Copy the listing below exactly. Pictures stay out of it.
[Record set Boundary: Start]
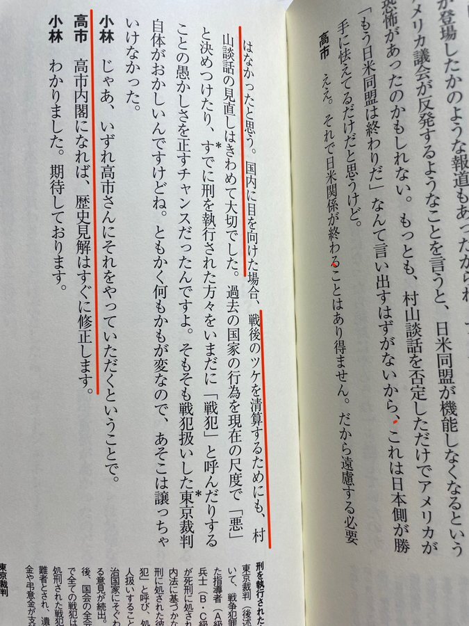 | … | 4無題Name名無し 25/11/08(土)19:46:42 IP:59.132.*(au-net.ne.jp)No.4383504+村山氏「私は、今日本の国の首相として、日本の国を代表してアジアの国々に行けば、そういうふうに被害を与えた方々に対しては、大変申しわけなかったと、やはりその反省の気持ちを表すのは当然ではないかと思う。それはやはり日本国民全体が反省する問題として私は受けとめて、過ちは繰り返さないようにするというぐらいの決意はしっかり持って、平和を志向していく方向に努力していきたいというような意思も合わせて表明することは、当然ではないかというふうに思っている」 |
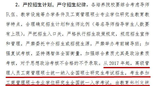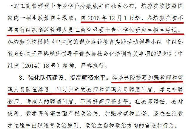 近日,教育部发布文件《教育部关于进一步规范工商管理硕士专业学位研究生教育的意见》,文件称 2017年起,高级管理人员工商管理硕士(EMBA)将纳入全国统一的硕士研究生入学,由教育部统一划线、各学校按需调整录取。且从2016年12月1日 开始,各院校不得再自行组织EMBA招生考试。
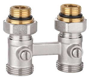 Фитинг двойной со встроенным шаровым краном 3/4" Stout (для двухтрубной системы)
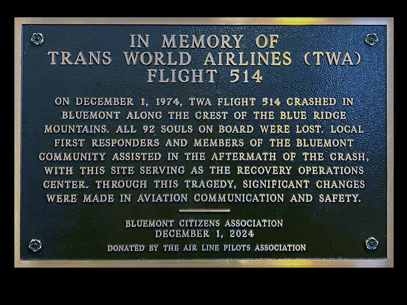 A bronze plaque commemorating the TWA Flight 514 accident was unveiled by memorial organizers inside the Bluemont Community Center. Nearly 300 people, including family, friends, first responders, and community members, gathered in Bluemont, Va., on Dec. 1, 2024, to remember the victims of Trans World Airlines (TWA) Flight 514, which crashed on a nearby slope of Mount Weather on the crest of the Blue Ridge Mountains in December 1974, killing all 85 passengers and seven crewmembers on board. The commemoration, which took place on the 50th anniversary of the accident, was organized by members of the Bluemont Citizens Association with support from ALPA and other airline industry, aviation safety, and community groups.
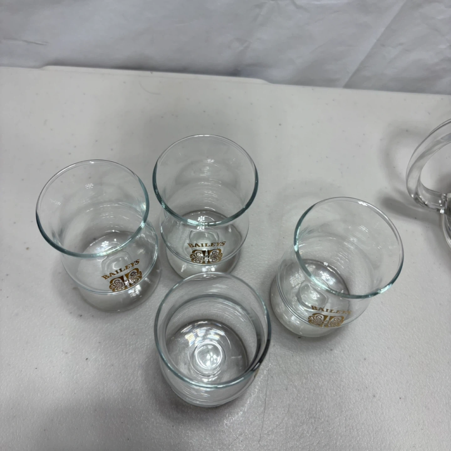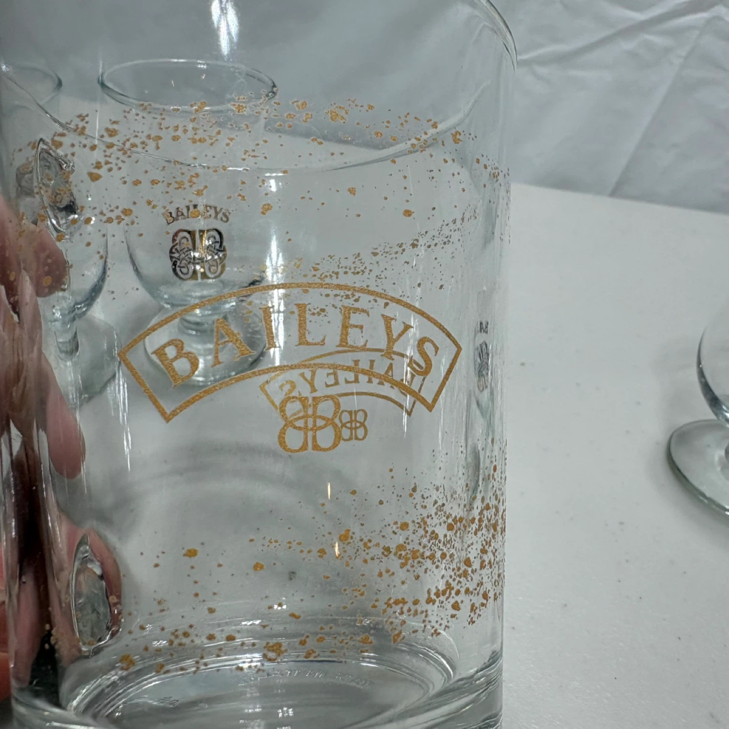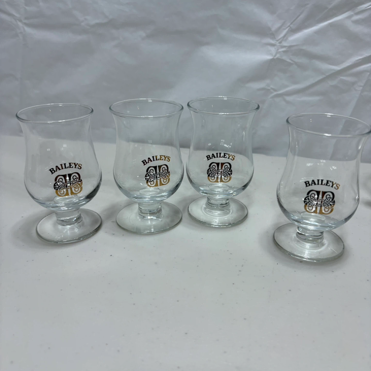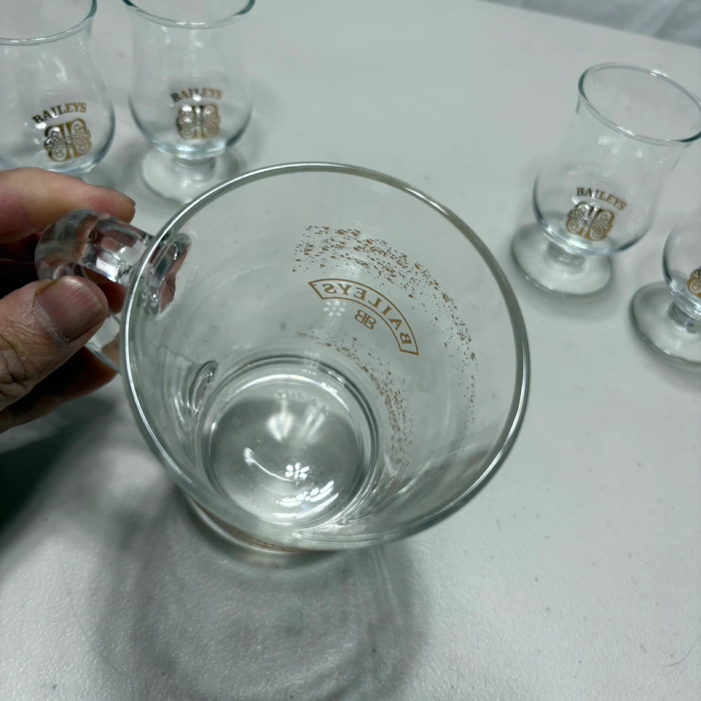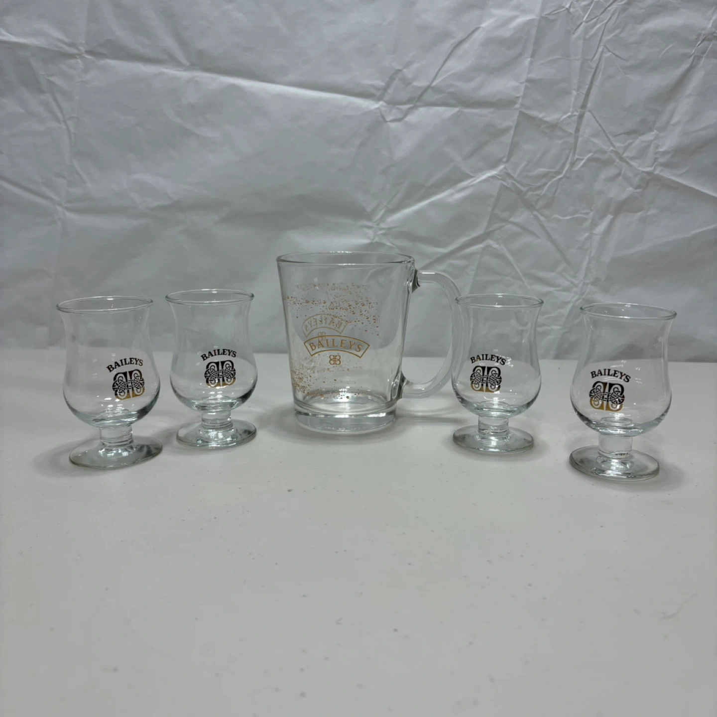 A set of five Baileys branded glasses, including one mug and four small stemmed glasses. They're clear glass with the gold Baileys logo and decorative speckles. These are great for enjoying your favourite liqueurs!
[Record set Boundary: End]
- Written solution -
 | … | 4無題Name名無し 25/11/08(土)19:46:42 IP:59.132.*(au-net.ne.jp)No.4383504+村山氏「私は、今日本の国の首相として、日本の国を代表してアジアの国々に行けば、そういうふうに被害を与えた方々に対しては、大変申しわけなかったと、やはりその反省の気持ちを表すのは当然ではないかと思う。それはやはり日本国民全体が反省する問題として私は受けとめて、過ちは繰り返さないようにするというぐらいの決意はしっかり持って、平和を志向していく方向に努力していきたいというような意思も合わせて表明することは、当然ではないかというふうに思っている」 |
 近日,教育部发布文件《教育部关于进一步规范工商管理硕士专业学位研究生教育的意见》,文件称 2017年起,高级管理人员工商管理硕士(EMBA)将纳入全国统一的硕士研究生入学,由教育部统一划线、各学校按需调整录取。且从2016年12月1日 开始,各院校不得再自行组织EMBA招生考试。
 Фитинг двойной со встроенным шаровым краном 3/4" Stout (для двухтрубной системы)
 A bronze plaque commemorating the TWA Flight 514 accident was unveiled by memorial organizers inside the Bluemont Community Center. Nearly 300 people, including family, friends, first responders, and community members, gathered in Bluemont, Va., on Dec. 1, 2024, to remember the victims of Trans World Airlines (TWA) Flight 514, which crashed on a nearby slope of Mount Weather on the crest of the Blue Ridge Mountains in December 1974, killing all 85 passengers and seven crewmembers on board. The commemoration, which took place on the 50th anniversary of the accident, was organized by members of the Bluemont Citizens Association with support from ALPA and other airline industry, aviation safety, and community groups.
 A set of five Baileys branded glasses, including one mug and four small stemmed glasses. They're clear glass with the gold Baileys logo and decorative speckles. These are great for enjoying your favourite liqueurs!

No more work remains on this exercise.